March 20, 1854: The United States Republican Party is founded.
In early March 1854, the U.S. Senate passed the Kansas-Nebraska Act, which provided for the organization of the eponymous territories and deferred the issue of slavery in both to popular sovereignty. The act effectively overturned the almost sacred Missouri Compromise of 1820, which, for the past three decades, had successfully discouraged conflict between anti- and pro-slavery factions. In reaction to the act, and to the possible expansion of slavery north of the line decreed by the Missouri Compromise, a group primarily composed of ex-members of the nearly defunct Whig Party met in Wisconsin in early 1854. In July of 1854, the Republican Party was officially founded in Jackson, Michigan.
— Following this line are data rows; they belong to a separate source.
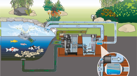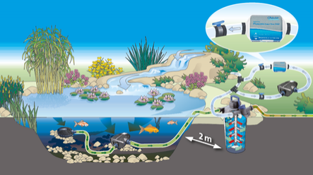 - Ve spojení s 12V čerpadlem lze vytvořit dodatečný filtrační okruh i u koupacích jezírek.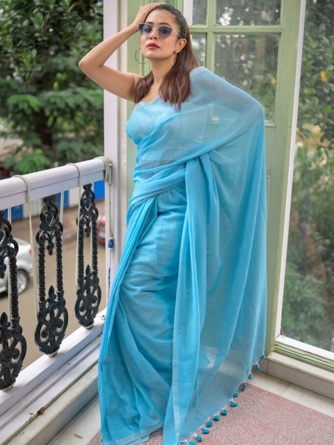 The material of the saree is so soft . Perfect for summer . But due its soft material, it’s kind of hard to arrange the saree pleats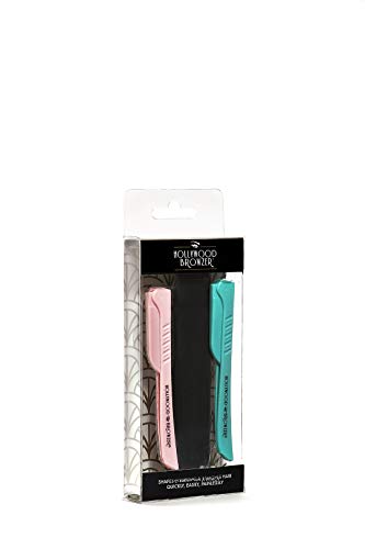 Hollywood Browzer Rasoio per sopracciglia, confezione da 2, (1 rosa e 1 blu), con astuccio protettivo, per modellare le sopracciglia, rimuovere i peli superflui ed esfoliare la pelle

The early Republican Party was united by its rejection of the expansion of slavery, for moral, political, and economic reasons: free-market capitalism and free labor, it was argued, was the superior and more American system. Others feared the disproportionate political power held by slave-owning plantation oligarchs. Naturally, the entirety of party organizational efforts took place in the North. The 1856 Party platform rejected the repeal of the Missouri Compromise and any efforts to expand slavery into free territories; it also supported the construction of a transcontinental railroad and the “improvement of rivers and harbors… for the accommodation and security of our existing commerce”. Its first candidate for the presidency was John C. Frémont, who lost the election to James Buchanan but earned a sizable 38.5% of the popular vote. His campaign slogan, “Free Soil, Free Labor, Free Speech, Free Men, and Frémont”, was lifted from the platform of the Free Soil Party.